The remaining animals of Cherax quadricarinatus (n = 80), Palaemon argentinus (n = 480) and Munida gregaria (n = 80) were randomly and equitably distributed into two groups: half of each species on the fed group and the other half in the starved group. The fed group was daily fed ad libitum with TetraColor® granules throughout the 15 days of the entire experimental period. The starved animals were not fed until day 15. During the experimental period, all containers were cleaned and water was renewed twice a week. Animals were sampled at every three days (T3, T6, T9, T12 and T15) when 8 crayfishes, 48 shrimps and 8 squat lobsters of the two groups, fed and starved, were weighed. Each midgut gland and pleon muscle was dissected and frozen at -80°C. Considering the small size of shrimps (and the subsequent small volume of the obtained organ and muscular tissue) 6 midgut glands and pleon muscles from the same experimental group and time were pooled (8 pools with 6 organs or tissues each), to ensure enough material for all analysis.

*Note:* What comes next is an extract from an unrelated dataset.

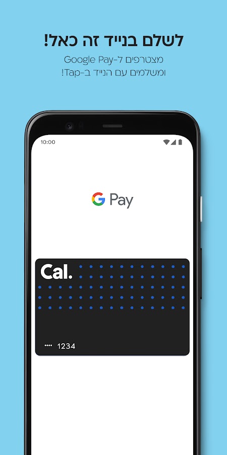 — Google Pay — новый и более удобный способ совершать платежи с мобильного устройства в Израиле и за рубежом (некоторые карты Cal). Вы можете зарегистрироваться в Google Pay из приложения. Вы можете оплатить, поднеся устройство рядом с платежным терминалом.

The wet midgut gland index (MGI) was calculated to assess the potential mobilization of metabolic reserves during the assay. This index was calculated according to Jones et al. (2000)  as MGI (%) = (midgut gland weight/whole body weight) x 100. At T0 and for each macromolecule (glycogen, lipid and protein), a ratio between the macromolecule in the MG and in the muscle pleon was also calculated.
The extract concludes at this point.